Macro themes continue to drive financial markets. Bank of England Governor Andrew Bailey yesterday said that the global growth outlook has 'deteriorated markedly'. The big question for financial markets is whether this deterioration in growth prospects is enough to curtail tightening cycles - especially that of the Fed. Today we see the release of the June FOMC minutes where the Fed hiked 75bp. Expect these minutes to sound hawkish and to emphasize that the Fed is likely to further tighten. Continued Fed tightening amidst a global slowdown remains a very positive environment for the dollar. After this Friday's June nonfarm payroll data, next week's release of June CPI (13th) looks like an enormous event risk for FX & Rates markets. The USD should stay bid and probably edge higher against most majors.
The CAD is back above 1.30 while also extending to a high of 1.3085 yesterday as it follows the dollar-positive/risk-off mood. The currency generally ignored the results of the BoC’s business and consumer surveys and is trading on broader market sentiment. The surveys showed higher expected inflation—two years ahead, businesses see it at 4.5% and households at 5%—that should motivate a 75bps hike from the BoC next week. The hawkish BoC remains an important tailwind for the CAD alongside an economy that appears more resilient than that of other major advanced countries. However, markets will continue to trade cautiously given the macro themes of a deteriorating global economy. Observe the USD/CAD chart.

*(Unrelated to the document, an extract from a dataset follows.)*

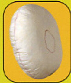
Airbag de 60 litres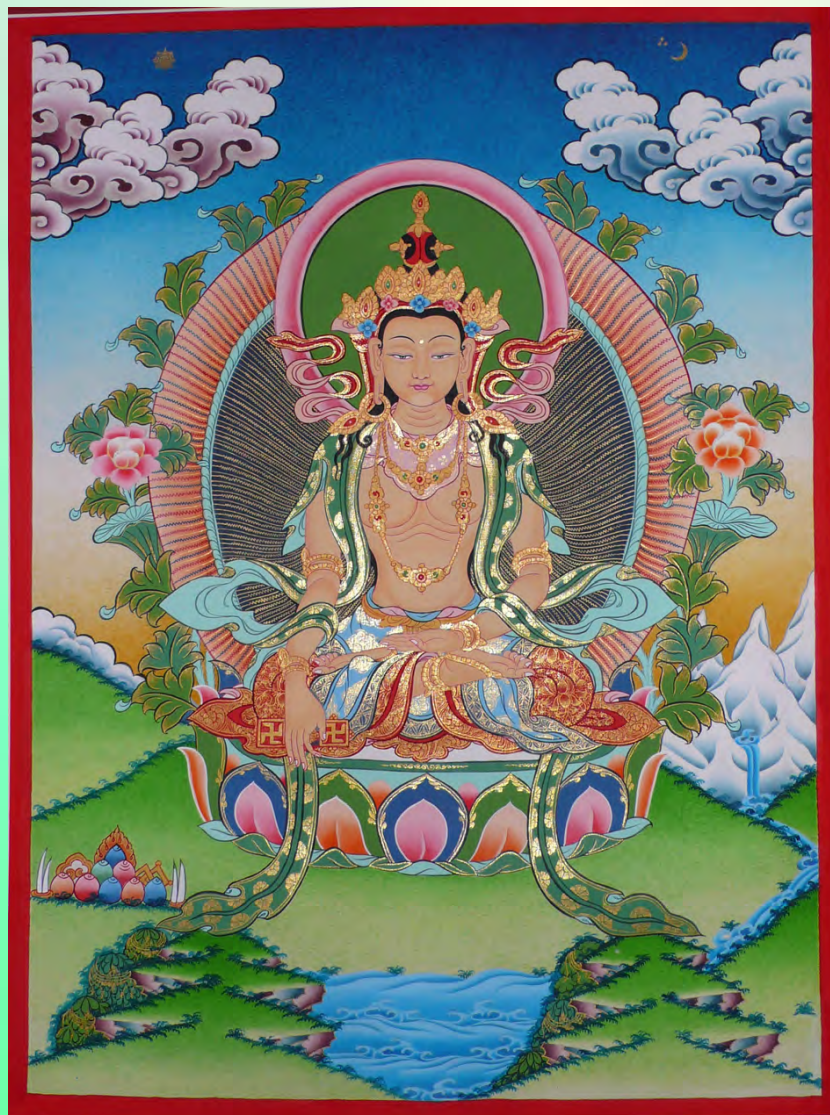
Tönpa Shenrab Miwo

Nach unserer Tradition existiert die Bön-Religion seit 18.000 Jahren in dieser Welt. Yungdrung Bön entstand aus den Lehren von Tönpa Shenrab in Olmo Lung Ring. Von dort wurden die Lehren in Zhang Zhung verbreitet und von dort aus in die meisten der asiatischen Länder.

When it came, the break of EUR/USD to a new cycle low was unexpected. If anything, driving yesterday's market activity was the continued rise in European natural gas prices as Russian supplies decline. Already running at only 40% of capacity, Russia's Nordsteam 1 pipeline will be closed for maintenance 11-21 July and exposes the friction of continuing European dependency on Russian gas. The German Bundesbank estimated that the German economy could take a hit of 5% of GDP in the case of gas being rationed. It feels like we are now not far away from such a scenario. Expect some significant volatility in the weeks ahead with the euro continuing to be exposed to significant downside risk.
The GBP has tended to ignore the indiscretions of Boris Johnson's government - largely because the Conservatives have a large majority. But the resignations of the big-hitters in charge of the Treasury and Health will leave the PM rocking and has hit the GBP hard since the announcements. It is not clear whether the new chancellor, Nadim Zahawi, will represent a shift in economic policy, although he may be tempted to loosen up fiscal policy earlier than expected. A tough summer ahead suggests that the GBP will remain vulnerable to the 1.14/15 area.